Studi confermano: i fidget spinner aiutano la concentrazione

Uno studio si è focalizzato sulle "palline antistress", verificando su un campione di 29 studenti una diminuzione delle distrazioni e un aumento anche delle capacità di scrittura

I fidget spinner, quella specie di trottola con tre lobi che ultimamente spopola tra i ragazzi e non solo, potrebbe effettivamente avere qualche uso pratico, favorendo la calma e la concentrazione negli adulti, e aiutando forse anche i bambini con deficit di attenzione. Lo affermano diversi studi che si sono concentrati sul “fidgeting”, la pratica di giocherellare con oggetti per mantenere alta l’attenzione o per calmarsi.

Uno studio pilota in un liceo in Georgia, ricorda ad esempio in un articolo, esperta dell’università della California di Santa Cruz, si è focalizzato sulle “palline antistress”, verificando su un campione di 29 studenti una diminuzione delle distrazioni e un aumento anche delle capacità di scrittura. “Il mio gruppo di ricerca ha studiato a lungo come le persone utilizzano questo tipo di oggetti. Nonostante qualche volta possano sembrare una distrazione per gli altri hanno qualche utilità negli adulti, mentre l’utilizzo nei bambini è ancora oggetto di studio”.

Proprio sui bambini con problemi di deficit di attenzione e iperattività si è concentrato lo studio di Julie Schweitzer dell’università della California Davis, pubblicato su Child Neuropsichology. Bimbi con la diagnosi di Adhd che avevano oggetti da manipolare sono risultati più precisi nell’eseguire dei compiti complessi in laboratorio. Su questo tema però non tutti gli scienziati sono d’accordo. “I problemi di questo tipo sono difficili da trattare, per cui non ci sono soluzioni semplici, mi sembra troppo bello per essere vero”.

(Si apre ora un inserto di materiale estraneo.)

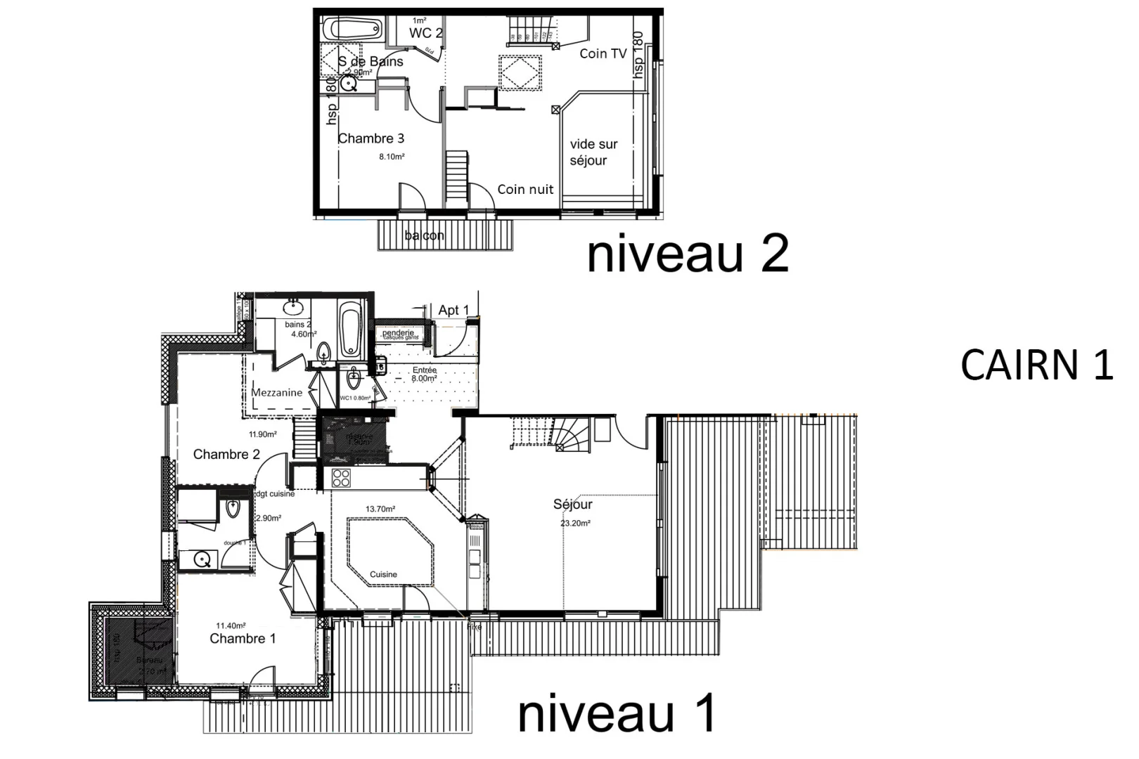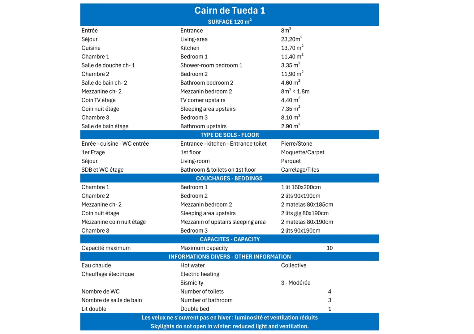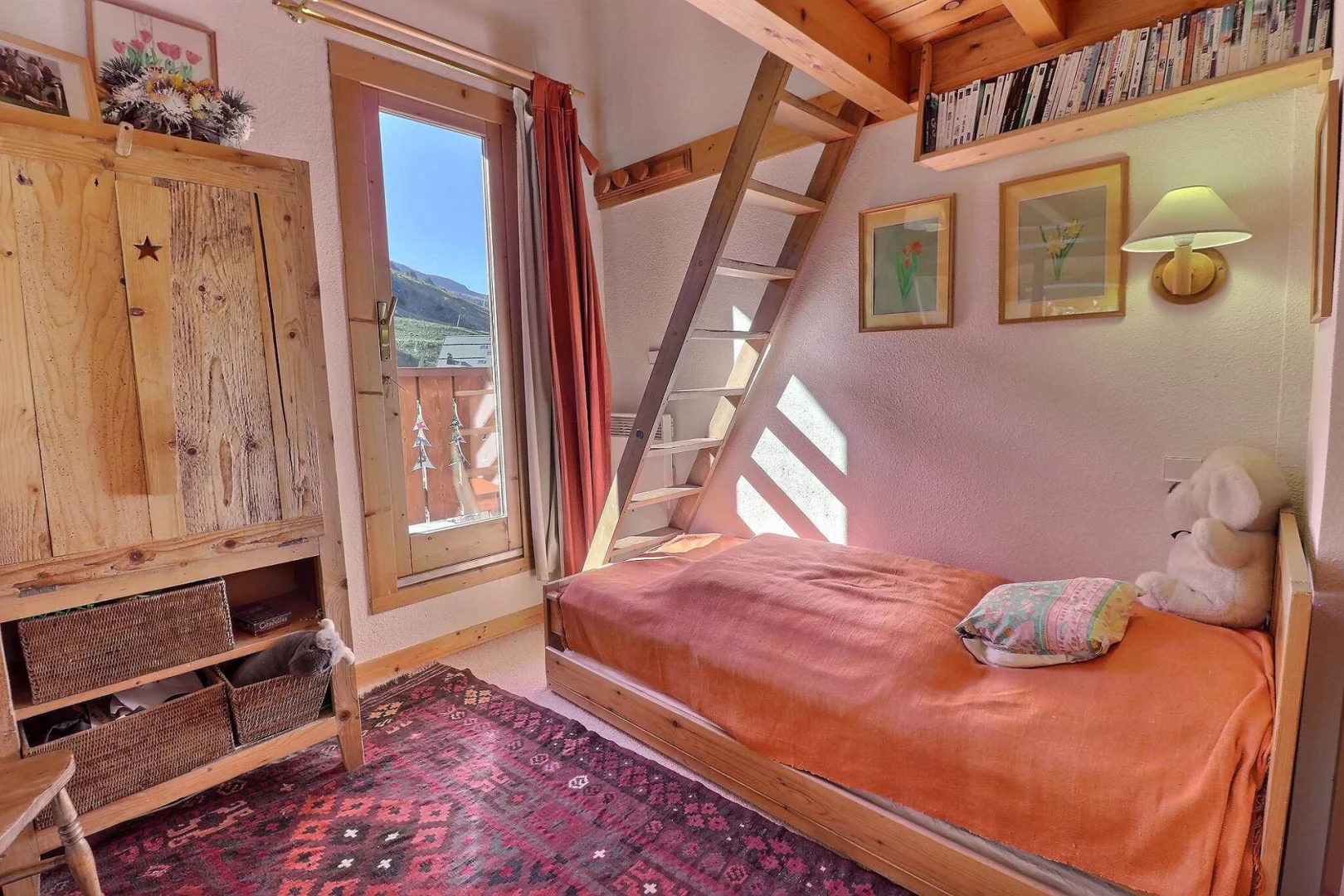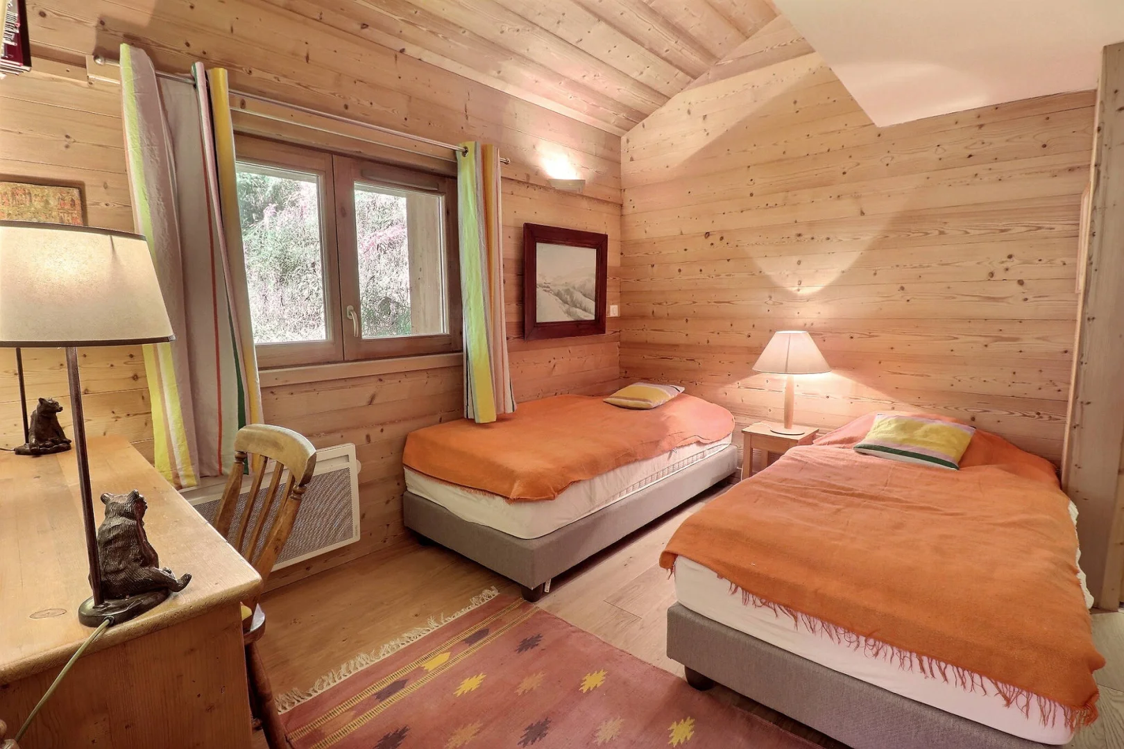 Bedroom 2 (bathroom ensuite): 2 single beds (90x190) & 2 single mattress (2x185) in the mezzanin open on the bedroom

Sulla base scientifica dei benefici ci sono diverse teorie, raccolte ad esempio nel libro “Fidget to focus” degli psicologi americani Roland Rotz e Sarah Wrighte. Una spiegazione può essere che il “fidgeting” tenga impegnata una parte del cervello che altrimenti sarebbe impegnata da pensieri casuali. Un’altra teoria dice che il movimento del corpo sia parte integrante del processo di elaborazione delle idee. Una possibilità è anche che l’uso dei gadget sia una specie di “mini rituale”, che quindi dà i benefici che ad esempio chi è ansioso trova nel prepararsi meticolosamente ripetendo gli stessi gesti prima di un impegno.